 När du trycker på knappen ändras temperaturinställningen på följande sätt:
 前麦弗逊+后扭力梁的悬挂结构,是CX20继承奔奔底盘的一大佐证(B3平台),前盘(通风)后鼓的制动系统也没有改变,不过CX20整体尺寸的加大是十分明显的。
===============
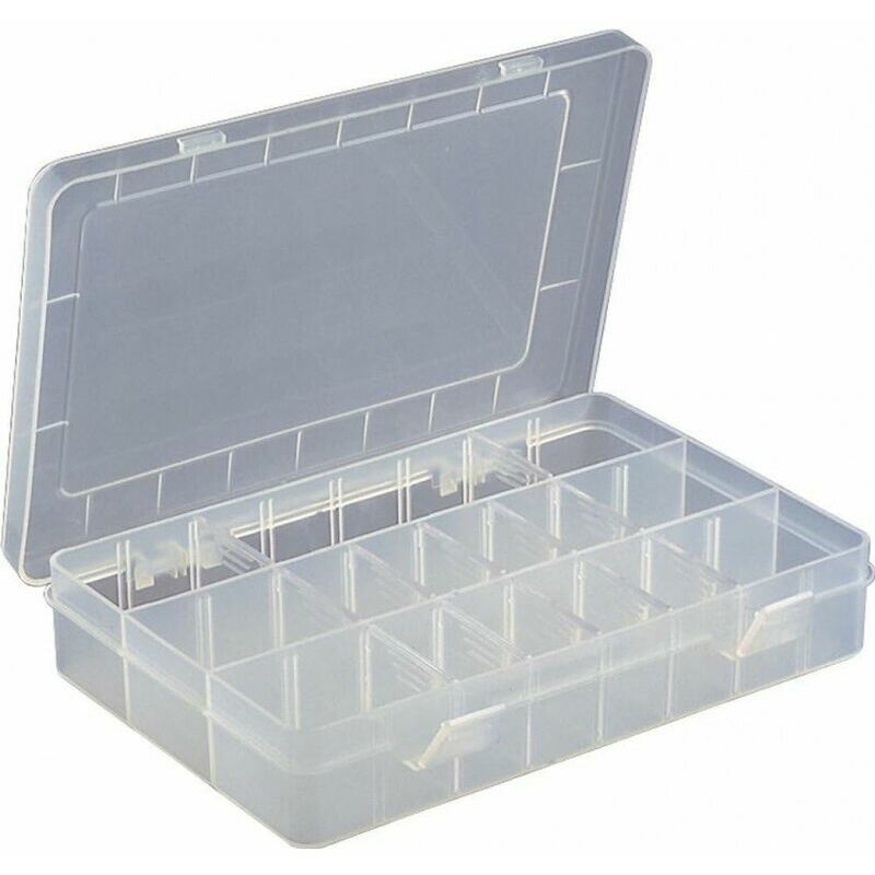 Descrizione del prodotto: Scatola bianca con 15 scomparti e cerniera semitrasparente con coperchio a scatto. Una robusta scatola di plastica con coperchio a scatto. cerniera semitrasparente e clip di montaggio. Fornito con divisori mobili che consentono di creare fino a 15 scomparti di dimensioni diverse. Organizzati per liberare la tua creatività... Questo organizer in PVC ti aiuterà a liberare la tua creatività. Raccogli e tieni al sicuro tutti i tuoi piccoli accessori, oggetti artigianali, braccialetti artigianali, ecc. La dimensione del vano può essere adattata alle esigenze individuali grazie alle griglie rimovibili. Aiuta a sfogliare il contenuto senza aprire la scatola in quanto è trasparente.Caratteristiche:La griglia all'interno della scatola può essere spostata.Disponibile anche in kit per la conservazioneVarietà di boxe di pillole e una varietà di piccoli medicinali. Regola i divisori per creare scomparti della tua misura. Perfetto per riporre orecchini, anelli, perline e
===============
Using the entries above, return exactly the lines from the line with "När du trycker" to the line with "前麦弗逊+后扭力梁的悬挂结构", counting both of those lines.

_Completed exercise_.
 När du trycker på knappen ändras temperaturinställningen på följande sätt:
 前麦弗逊+后扭力梁的悬挂结构,是CX20继承奔奔底盘的一大佐证(B3平台),前盘(通风)后鼓的制动系统也没有改变,不过CX20整体尺寸的加大是十分明显的。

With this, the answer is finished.